# [Task objective]
Two lines in the data below mark the range: the one with "当前位置: 91家纺网 >" and the one with "feel real. Devastated.". Return both, along with every line between them, exactly.

Entries taken from a collection
***
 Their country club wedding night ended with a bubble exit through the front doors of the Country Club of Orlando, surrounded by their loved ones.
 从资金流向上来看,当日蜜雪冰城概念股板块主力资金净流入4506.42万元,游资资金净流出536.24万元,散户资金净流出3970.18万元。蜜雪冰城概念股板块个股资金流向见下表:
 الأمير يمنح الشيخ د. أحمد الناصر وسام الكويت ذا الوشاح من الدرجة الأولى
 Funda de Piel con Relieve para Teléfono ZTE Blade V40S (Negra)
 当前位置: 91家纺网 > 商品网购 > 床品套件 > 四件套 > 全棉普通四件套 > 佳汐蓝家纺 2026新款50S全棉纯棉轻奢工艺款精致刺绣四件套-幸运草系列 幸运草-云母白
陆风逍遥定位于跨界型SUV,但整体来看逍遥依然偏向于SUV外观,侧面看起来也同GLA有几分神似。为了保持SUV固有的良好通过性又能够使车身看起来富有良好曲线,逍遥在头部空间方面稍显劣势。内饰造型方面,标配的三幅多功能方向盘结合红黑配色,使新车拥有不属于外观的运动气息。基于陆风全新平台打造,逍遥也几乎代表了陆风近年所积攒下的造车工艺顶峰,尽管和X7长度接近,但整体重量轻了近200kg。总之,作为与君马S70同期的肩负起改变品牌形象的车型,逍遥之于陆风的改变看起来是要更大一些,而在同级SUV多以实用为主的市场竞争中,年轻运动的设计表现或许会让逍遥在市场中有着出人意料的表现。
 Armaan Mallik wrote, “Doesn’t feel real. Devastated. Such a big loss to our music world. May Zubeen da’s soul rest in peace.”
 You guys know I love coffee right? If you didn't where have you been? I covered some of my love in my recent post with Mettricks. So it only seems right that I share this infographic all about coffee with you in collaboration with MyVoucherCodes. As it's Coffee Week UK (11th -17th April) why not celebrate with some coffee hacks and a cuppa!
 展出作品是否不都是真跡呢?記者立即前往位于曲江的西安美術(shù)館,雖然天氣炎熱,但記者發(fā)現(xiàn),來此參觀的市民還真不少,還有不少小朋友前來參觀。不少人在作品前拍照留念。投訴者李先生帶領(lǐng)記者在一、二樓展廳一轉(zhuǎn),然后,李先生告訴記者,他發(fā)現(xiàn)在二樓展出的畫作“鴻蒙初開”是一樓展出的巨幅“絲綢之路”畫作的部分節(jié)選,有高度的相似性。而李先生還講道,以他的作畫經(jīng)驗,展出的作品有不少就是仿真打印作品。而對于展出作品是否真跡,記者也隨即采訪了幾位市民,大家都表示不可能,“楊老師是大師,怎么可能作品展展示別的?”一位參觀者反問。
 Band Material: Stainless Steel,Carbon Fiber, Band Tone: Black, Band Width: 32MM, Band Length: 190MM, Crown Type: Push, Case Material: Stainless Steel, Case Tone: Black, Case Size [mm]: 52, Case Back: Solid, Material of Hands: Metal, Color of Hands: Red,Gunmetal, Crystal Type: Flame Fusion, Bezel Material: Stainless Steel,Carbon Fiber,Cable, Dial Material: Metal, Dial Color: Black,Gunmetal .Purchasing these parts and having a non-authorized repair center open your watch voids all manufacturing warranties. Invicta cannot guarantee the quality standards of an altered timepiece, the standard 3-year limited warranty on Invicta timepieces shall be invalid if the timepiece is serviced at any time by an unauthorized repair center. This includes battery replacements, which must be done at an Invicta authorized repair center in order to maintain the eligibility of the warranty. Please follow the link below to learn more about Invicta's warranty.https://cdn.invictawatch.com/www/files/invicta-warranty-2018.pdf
***
# [Task result]
 当前位置: 91家纺网 > 商品网购 > 床品套件 > 四件套 > 全棉普通四件套 > 佳汐蓝家纺 2026新款50S全棉纯棉轻奢工艺款精致刺绣四件套-幸运草系列 幸运草-云母白
陆风逍遥定位于跨界型SUV,但整体来看逍遥依然偏向于SUV外观,侧面看起来也同GLA有几分神似。为了保持SUV固有的良好通过性又能够使车身看起来富有良好曲线,逍遥在头部空间方面稍显劣势。内饰造型方面,标配的三幅多功能方向盘结合红黑配色,使新车拥有不属于外观的运动气息。基于陆风全新平台打造,逍遥也几乎代表了陆风近年所积攒下的造车工艺顶峰,尽管和X7长度接近,但整体重量轻了近200kg。总之,作为与君马S70同期的肩负起改变品牌形象的车型,逍遥之于陆风的改变看起来是要更大一些,而在同级SUV多以实用为主的市场竞争中,年轻运动的设计表现或许会让逍遥在市场中有着出人意料的表现。
 Armaan Mallik wrote, “Doesn’t feel real. Devastated. Such a big loss to our music world. May Zubeen da’s soul rest in peace.”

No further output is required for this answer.